4.4. Parameter Study

Our approach involves specifying two parameters, i.e., the number of proposals N and the threshold value $\beta$ in AGPL. Here we further conduct experiments to analyze the impact of these parameters on performance.

4.4.1. The Number of Proposals N

We vary the number of proposals to be $N=\{50,100,150,200,300,400,500\}$, and report the results in Figure 8a. As can be seen, the performance will not increase significantly after $N>200$, and we adopt $N=200$ throughout our experiments for the best tradeoff between performance and efficiency.

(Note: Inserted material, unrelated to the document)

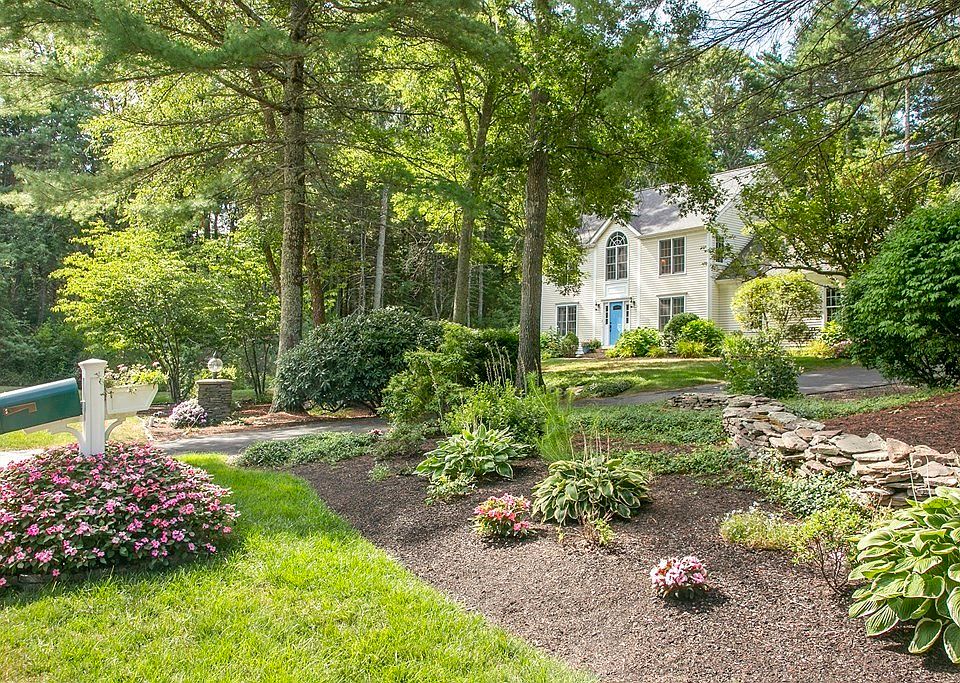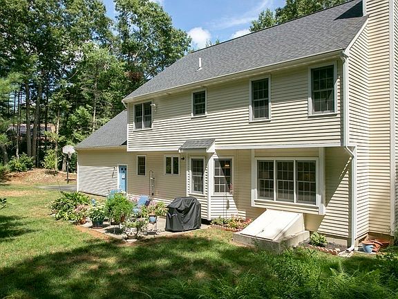 Located in coveted Blueberry Knoll & nestled on nearly an acre is this well-maintained colonial. Upon entering, you are greeted w/a generous tiled front entry. Hardwood flooring flows throughout the first floor. On either side of the entry is the living room/home office w/French doors & dining room w/wainscotting; both have crown molding. The updated kitchen w/white cabinets, center island, ss appliances, quartz countertops & eat-in area flows seamlessly into the fireplaced family room. Perfect spot for family game night! The spacious 1/2 bath rounds out the first floor. Upstairs boasts 3 bedrooms, full bath & large primary bedroom w/updated bath. Room over the garage can be finished to your desire. Full unfinished basement offers plenty of storage. Mature plantings are throughout the property. Adjacent to 43 acres of conservation land, this lovely home offers privacy, relaxation & comfort while still being close to the highway & shopping.

4.4.2. The Threshold $\beta$ in AGPL

We vary the threshold value to be $\beta =\{0.4,0.5,0.6,0.7,0.8,0.9\}$, and the results are depicted in Figure 8b. One can observe that the performance is relatively stable when $\beta \in [0.5,0.8]$ and we choose a fixed value of $\beta =0.7$ throughout our experiments.

4.5. Failure Cases

Despite the effectiveness of WS-RCNN, WSIS is essentially a challenging task and the overall performance still has much room for improvement. Here we show several typical failure cases of WS-RCNN in Figure 9. Since our method is proposal-based, it relies much on the quality of proposals. If the proposal generator fails to cover the spatial extents of the true instance, our method will fail consequently (see Figure 9a). Another typical failure case is that if there are a number of instances of a class with overlap among or close to each other, our method may pick up those large proposals which cover multiple instances (see Figure 9b) or the small proposals which cover only a part of a instance (Figure 9c) (Notice that the desired proposals are present in (b) and (c).

5. Conclusions

In this paper, we have presented a simple, natural but surprisingly effective framework, termed as Weakly Supervised R-CNN (WS-RCNN), for weakly supervised instance segmentation (WSIS). The basic idea is to deploy a deep network to learn to score proposals under the particular setting of weak supervision. For this sake, a strategy called Attention-Guided Pseudo Labeling is proposed to address the key issue of proposal-level pseudo labeling. And a so-called Entropic Open-Set Loss is introduced for model training to further improve the robustness. Comprehensive experiments on two well-known datasets, i.e., PASCAL VOC 2012 and Microsoft COCO 2014, have demonstrated that the proposed WS-RCNN can significantly outperform the state-of-the-art. Experiments have also been carried out to validate effectiveness of the key components and to study the impacts of some key parameters. In our future work, we will consider integrating a learning-based proposal network to replace the current heuristic proposal generator in WS-RCNN in order to alleviate its dependency on the quality of proposals. We will also explore how to further improve our approach in dealing with complex scenes (e.g., complex background, multiple or adjoining instances of the same class) since there is generally much room for improvement.